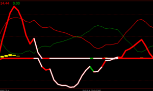 DIF:=EMA(CLOSE,12)-EMA(CLOSE,26),COLORFF80FF,LINETHICK1; DEA:EMA(DIF,9),COLORRED,LINETHICK...
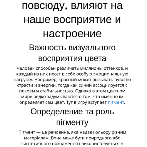 Человек способен различать миллионы оттенков, и каждый из них несёт в себе особую эмоциональную нагрузку. Например, красный может вызывать чувство страсти и энергии, тогда как синий ассоциируется с покоем и стабильностью. Однако в этом цветном мире редко задумываются о том, что именно їм определяет сам цвет. Тут в игру вступает пігмент.
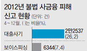 # 경기 군포시에 사는 A 씨는 보험에 가입하면 저금리로 대출을 받을 수 있다는 전화를 받았다. 그는 상담원의 말만 듣고 신분증 등 대출 관련 서류를 팩스로 보냈다. 상담원은 보증보험료 등 대출 진행 비용으로 6차례에 걸쳐 201만 원을 받아갔다. A 씨는 돈을 보낸 후 상담원에게 여러 차례 전화했으나 연락이 되지 않았다. # 시장에서 반찬가게를 하는 B 씨는 급하게 돈이 필요해 대부업체로부터 500만 원을 빌렸다. 수수료로 30만 원을 떼고 470만 원을 받았다. 이를 65일간 매일 10만 원씩 갚기로 했다. 장사가 잘 되지 않아 돈을 갚지 못하게 된 B 씨는 결국 가게를 넘기고 식당일을 나가고 있다. 이후에도 대부업체는 남은 빚을 갚으라며 그를 협박했다. 이는 대출 사기, 고금리 대출 등 대표적인 불법 사금융 피해 사례들이다. 12일 금융감독원에 따르면 지난해 4∼12월 불법사금융 피해신고센터에서 접수한 상담 및 피해신고가 8만5965건이나 되고, 피해액도 1081억 원으로 조사됐다. 유형별로는 대출 사기가 2만2537건(26.2%)으로 가장 많았고 보이스피싱 6344건(7.4%), 고금리 6293건(7.3%), 불법 채권추심 4176건(4.9%) 순이었다. 지역별로는 서울 경기 인천 등 수도권 비중이 54.5%로 절반을 넘었다. 부산 대구 대전 울산 광주 등 5개 광역시는 20.7%였다. 이는 근로자와 자영업자가 많은 대도시에서 사금융 이용이 활발했기 때문으로 풀이된다. 실제로 금감원이 지난해 상반기(1∼6월) 실시한 대부업 실태 조사에서 대부업 전체 거래자(250만 명) 중 96.9%(242만 명)가 수도권 거주자였다. 신고자는 여성보다 남성의 비율(58.5%)이 다소 높았다. 연령별로는 경제활동 인구의 주력 층인 30∼50대 비중이 83.6%로 대부분을 차지했다. 20대 신고 비율도 10.5%나 됐다. 사금융 피해 경로는 전화(56.3%)와 문자메시지(19.2%)가 전체의 75.5%였다. 금감원은 지난해 피해 신고가 많았던 52개 대부업체에 대해 특별점검을 실시해 이자율 인하, 채무조정 등을 통해 233명(2억1600만 원)을 구제했다. 조성래 금감원 서민금융지원국장은 “그동안 금융회사 직원을 파견 받아 운영해 온 불법사금융 피해신고센터(전화 1332)를 상시체제로 바꾸고 전문 상담원 12명을 채용할 예정”이라며 “강력한 불법 사금융 단속을 위해 수사기관과 협조체제를 강화하겠다”고 말했다.신수정 기자 crystal@donga.com}
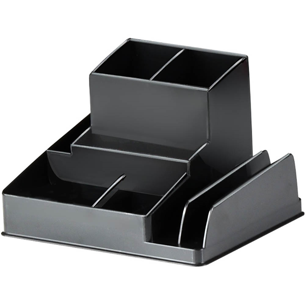 Offers versatility with desktop storage Multi compartments can store pens and pencils, scissors, ruler, paper clips, business cards, mobile phone, Post It Notes, letters, CDs etc Contemporary modern space saving design GECA (Good Environmental Choice Australia) certified product range Made from recycled material Environmentally preferable 100% Recyclable 100% Australian made
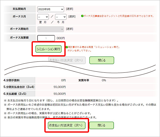 ショッピングローンお申込み画面から、「支払いシミュレーション」 することが可能です。ご希望のお支払い回数をお選び頂き、「お支払方法決定」を押します。
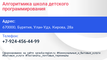 Алгоритмика, школа детского программирования по адресу 670000, Бурятия, Улан-Удэ, Кирова, 28а в дальнейшем Организация, размещена в следующих категориях:
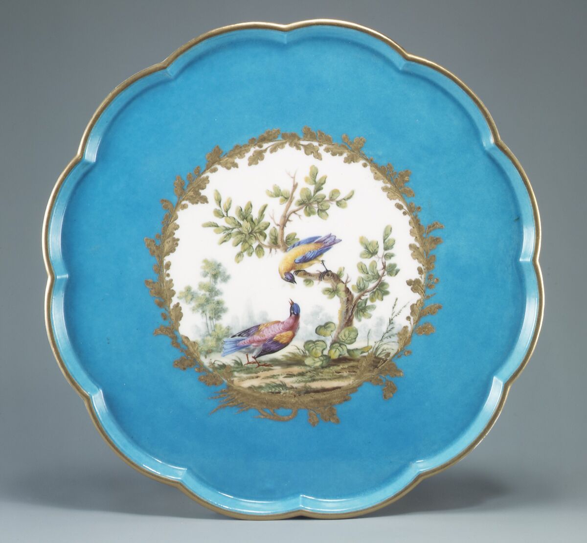 One of the most celebrated services produced at Sèvres was delivered to Louis-René-Édouard, prince de Rohan-Guémenée (1734–1803), on September 7, 1772. All of the pieces were decorated with the rich turquoise ground color known as bleu céleste and with birds encircled by an elaborate gilt wreath of oak leaves and acorns. Many of the components of the service bear the initials LPR ( for Louis, prince de Rohan), executed in two tones of gilding. The service cost the substantial sum of 20,772 livres, which was roughly equivalent to twice the annual income of a successful doctor at the time.

▶ [WORK TO COMPLETE] Restate word for word the lines above that start at the line containing "Алгоритмика, школа детского" and run to the end of the listing; exclude the pictures.

▶ [SOLUTION FOR THIS PROBLEM]
 Алгоритмика, школа детского программирования по адресу 670000, Бурятия, Улан-Удэ, Кирова, 28а в дальнейшем Организация, размещена в следующих категориях:
 One of the most celebrated services produced at Sèvres was delivered to Louis-René-Édouard, prince de Rohan-Guémenée (1734–1803), on September 7, 1772. All of the pieces were decorated with the rich turquoise ground color known as bleu céleste and with birds encircled by an elaborate gilt wreath of oak leaves and acorns. Many of the components of the service bear the initials LPR ( for Louis, prince de Rohan), executed in two tones of gilding. The service cost the substantial sum of 20,772 livres, which was roughly equivalent to twice the annual income of a successful doctor at the time.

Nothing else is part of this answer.